Per quanto riguarda la punteggiatura, in alcuni casi ho ritenuto opportuno
sostituire ai numerosi punti e virgola, spesso seguiti da and, altri segni di
interpunzione, eliminando o sostituendo la congiunzione con altre di tipo causale
o consecutivo, valutando di volta in volta i singoli casi.
Nel rispetto degli effetti di ritmo e musicalità che l’autrice crea per
sottolineare o mettere in evidenza alcuni passi del testo, in traduzione ho
mantenuto figure sintattiche quali le ripetizioni, i parallelismi e, dove possibile, le
inversioni, ad eccezione di alcuni casi in cui la conservazione della forma del
prototesto indeboliva la funzione comunicativa nel metatesto.

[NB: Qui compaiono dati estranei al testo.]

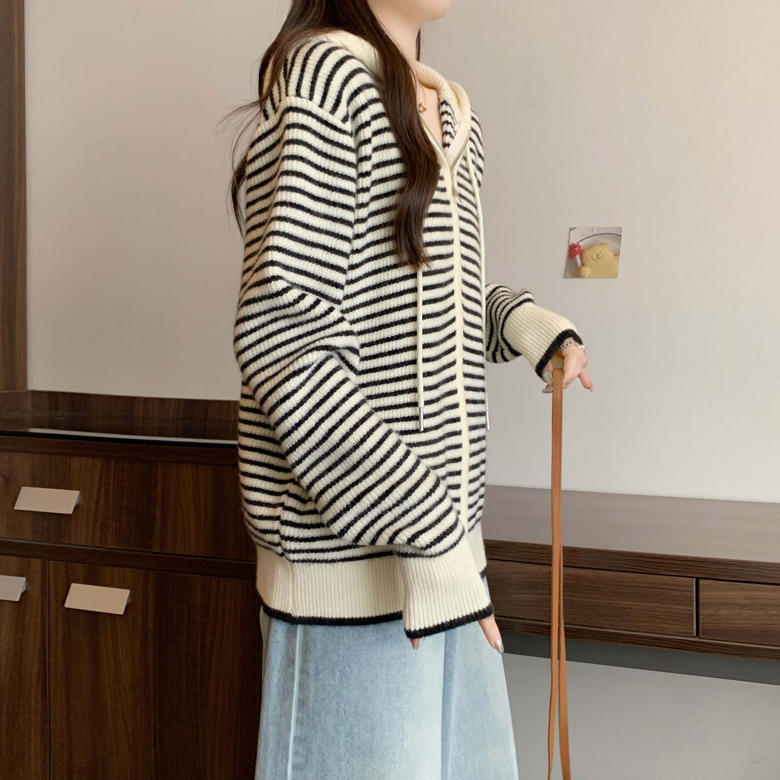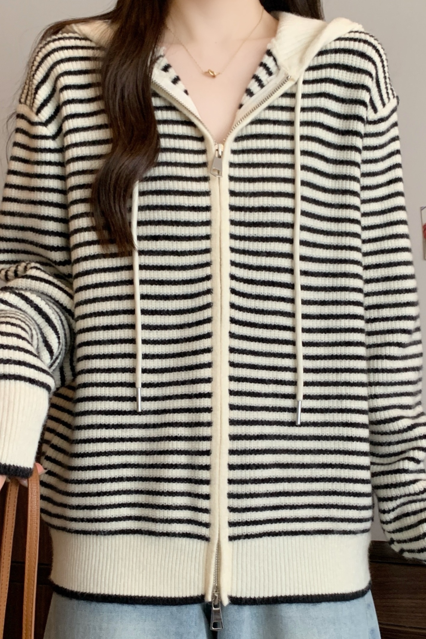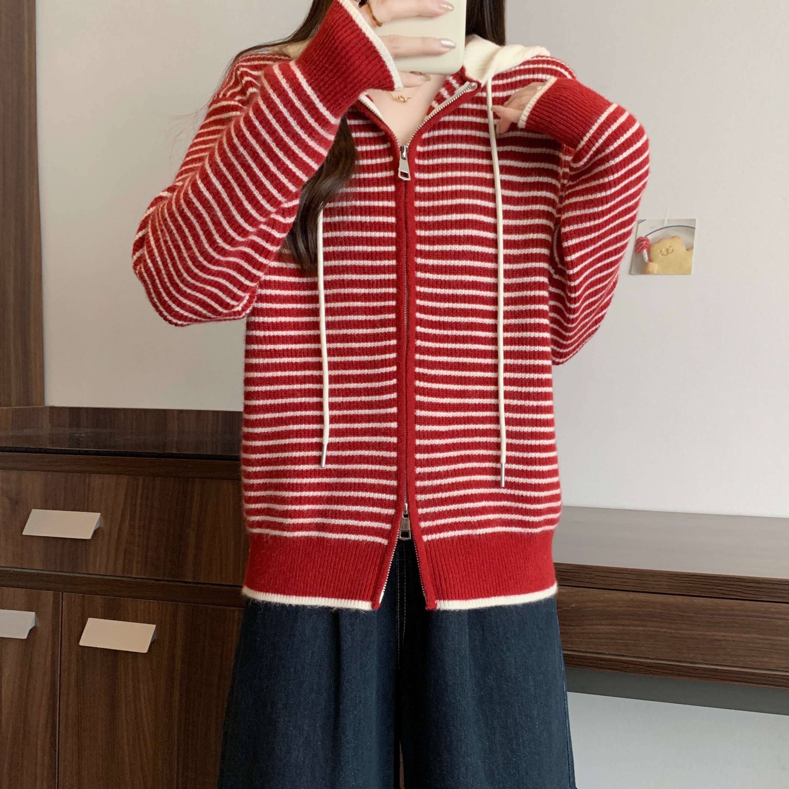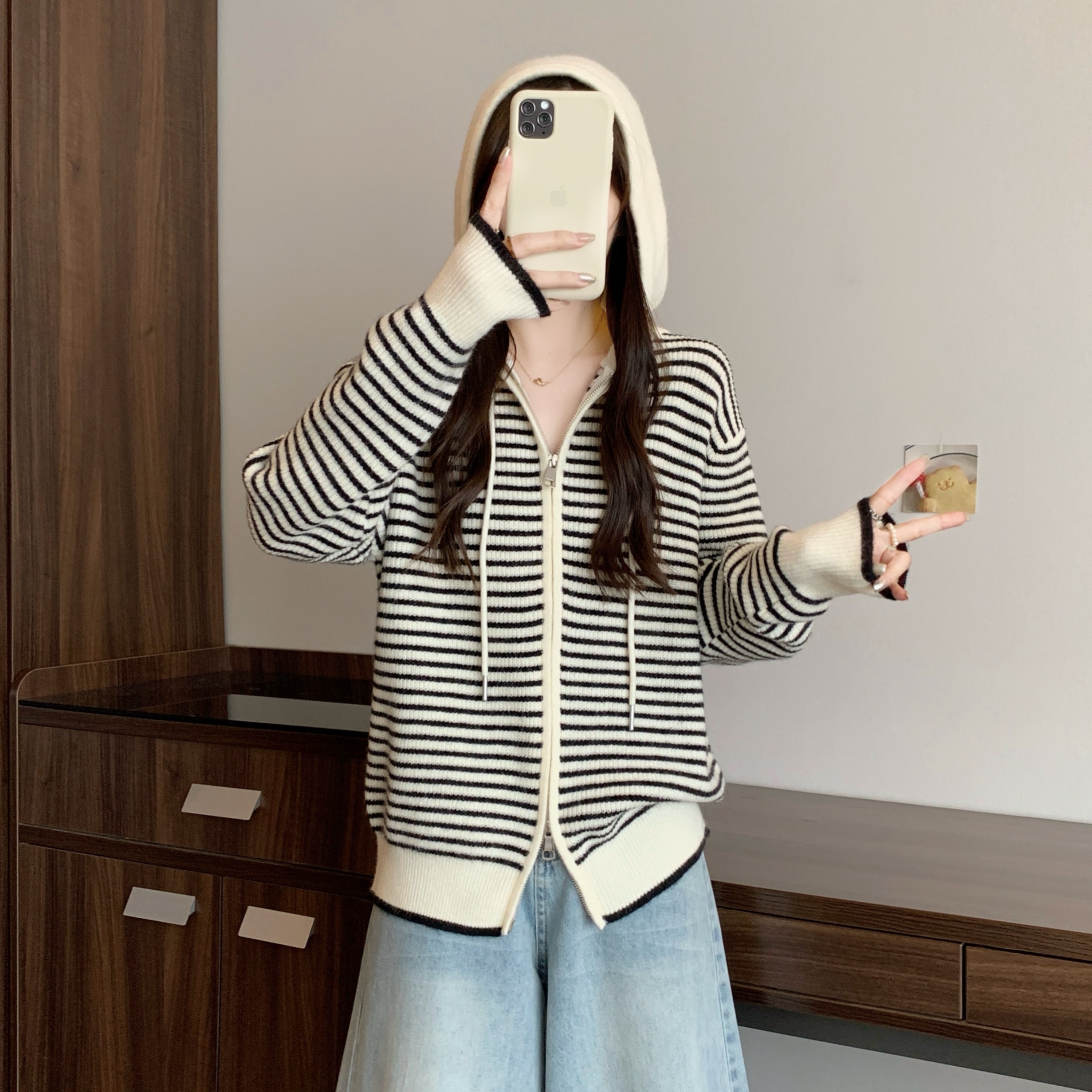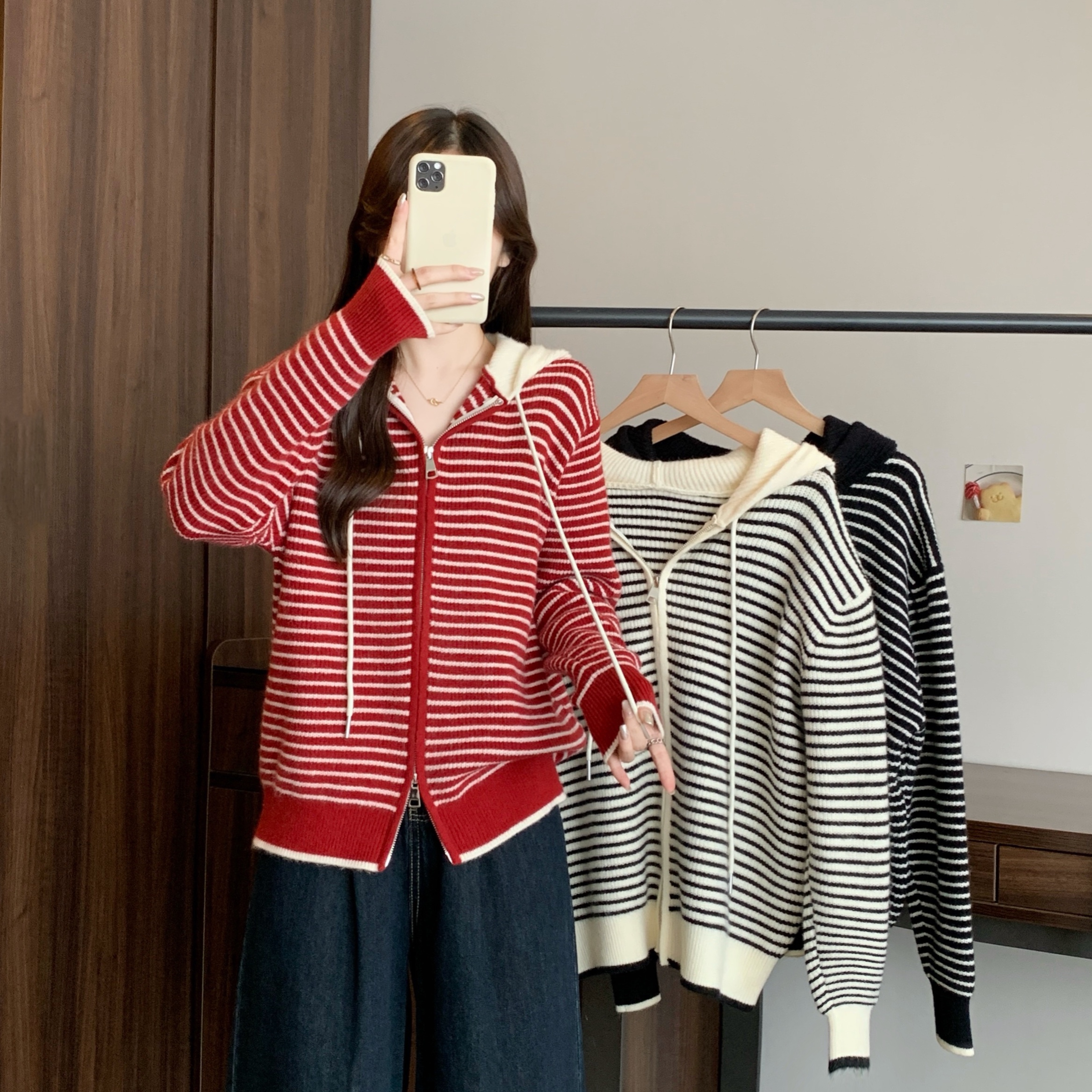 실사 빅 사이즈 후드 더블 머리 지퍼 니트 오픈 가디건 2025 년 가을 한국 스타일 루즈핏 슬림해 보이는 디자인 센스 스웨터

Un altro tipo di intervento ha riguardato la trasformazione di alcune delle
numerose ing-forms in indicativi e l’esplicitazione dei nessi sintattici, come si può
osservare nell’esempio che segue: “Just then the sun went down, and Mopsa got
up on the apple-woman’s lap, and went to sleep; and Jack, being tired, went to his
boat and lay down under the purple canopy, his old hound lying at his feet to keep
guard over him,”
227e nella sua traduzione: “Proprio allora il sole tramontò e
Mopsa salì in grembo alla donna delle mele e si mise a dormire; Jack era stanco,
così andò alla barca e si sdraiò sotto il baldacchino viola con il segugio ai suoi
piedi a fargli la guardia.”
Un’altra peculiarità ricorrente del testo originale riguarda l’uso concomitante
dei verbi di percezione looked e saw; secondo la mia opinione tradurre
letteralmente entrambi i verbi non avrebbe aggiunto niente di più al contenuto
semantico, ma sarebbe stato percepito come un calco poiché in italiano è
abbastanza raro costruire frasi come “guardò e vide”. Per queste ragioni ho scelto
di effettuare scelte diverse a seconda dei casi, traducendo solo il verbo saw oppure
adattando la traduzione del verbo look alla descrizione spaziale della circostanza,
come nell’esempio: “They looked and saw a great dome overhead, filled with
windows of colored glass, and they cast down blue and golden rosy
reflections.”
228E questa è la traduzione: “Volsero lo sguardo e videro che sopra le
loro teste c’era una grande cupola, costellata di finestre di vetro colorato che
proiettavano riflessi blu e d’oro rosato.”
Per quanto riguarda la traduzione dei verbi al simple past ho fatto scelte
differenziate in italiano, alternando il passato remoto, il passato prossimo e
l’imperfetto, a seconda della necessità di esplicitazione della consecutio temporum
del prototesto.
227 Ibidem, pp. 131-132. 228 Ibidem, p. 191.